Problem statement:
Your copy should hold only the lines from the one with "Segundos después de" to the one with "京都的賞楓寺社眾多,很難排出", both included, each exactly as it stands below, with no pictures.

#### Supplied records

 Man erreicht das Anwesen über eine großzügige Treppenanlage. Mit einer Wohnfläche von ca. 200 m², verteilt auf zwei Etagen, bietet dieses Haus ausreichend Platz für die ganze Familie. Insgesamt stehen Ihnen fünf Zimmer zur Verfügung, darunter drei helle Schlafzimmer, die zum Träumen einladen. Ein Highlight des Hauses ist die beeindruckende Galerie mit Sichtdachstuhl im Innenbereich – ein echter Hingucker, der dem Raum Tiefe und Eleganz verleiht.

########
#### Supplied records

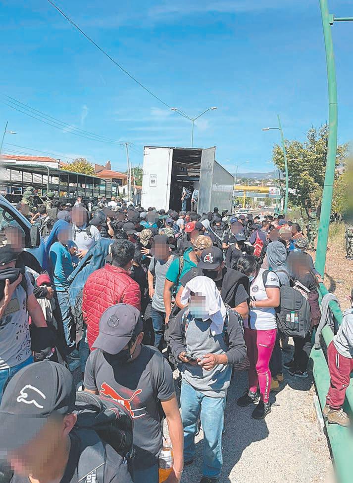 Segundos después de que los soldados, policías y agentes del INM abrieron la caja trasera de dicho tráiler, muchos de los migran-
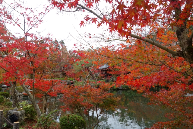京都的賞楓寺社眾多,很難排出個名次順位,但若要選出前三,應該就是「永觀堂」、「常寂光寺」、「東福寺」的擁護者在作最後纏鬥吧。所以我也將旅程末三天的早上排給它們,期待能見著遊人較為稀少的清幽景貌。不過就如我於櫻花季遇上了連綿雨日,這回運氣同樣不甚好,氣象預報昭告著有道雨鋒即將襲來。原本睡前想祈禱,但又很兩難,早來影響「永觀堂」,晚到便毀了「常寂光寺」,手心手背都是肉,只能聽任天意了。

########
#### Supplied records

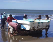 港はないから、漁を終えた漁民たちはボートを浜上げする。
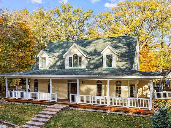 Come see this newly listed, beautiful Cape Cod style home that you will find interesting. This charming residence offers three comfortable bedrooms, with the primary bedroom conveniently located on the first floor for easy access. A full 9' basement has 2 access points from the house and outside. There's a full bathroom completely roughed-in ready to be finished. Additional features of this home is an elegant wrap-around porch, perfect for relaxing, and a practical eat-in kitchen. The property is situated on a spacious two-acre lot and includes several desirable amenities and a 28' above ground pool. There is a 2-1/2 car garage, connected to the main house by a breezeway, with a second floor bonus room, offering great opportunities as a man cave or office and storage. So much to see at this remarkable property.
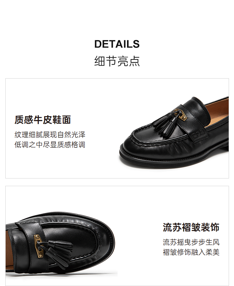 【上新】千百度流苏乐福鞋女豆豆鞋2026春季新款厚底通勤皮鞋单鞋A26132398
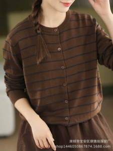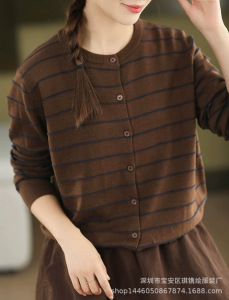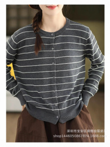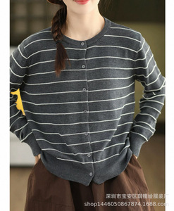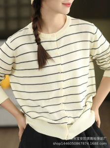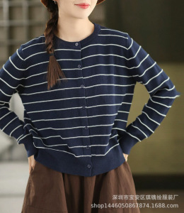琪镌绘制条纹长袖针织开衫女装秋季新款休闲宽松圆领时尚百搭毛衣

########

Written answer:
 Segundos después de que los soldados, policías y agentes del INM abrieron la caja trasera de dicho tráiler, muchos de los migran-
京都的賞楓寺社眾多,很難排出個名次順位,但若要選出前三,應該就是「永觀堂」、「常寂光寺」、「東福寺」的擁護者在作最後纏鬥吧。所以我也將旅程末三天的早上排給它們,期待能見著遊人較為稀少的清幽景貌。不過就如我於櫻花季遇上了連綿雨日,這回運氣同樣不甚好,氣象預報昭告著有道雨鋒即將襲來。原本睡前想祈禱,但又很兩難,早來影響「永觀堂」,晚到便毀了「常寂光寺」,手心手背都是肉,只能聽任天意了。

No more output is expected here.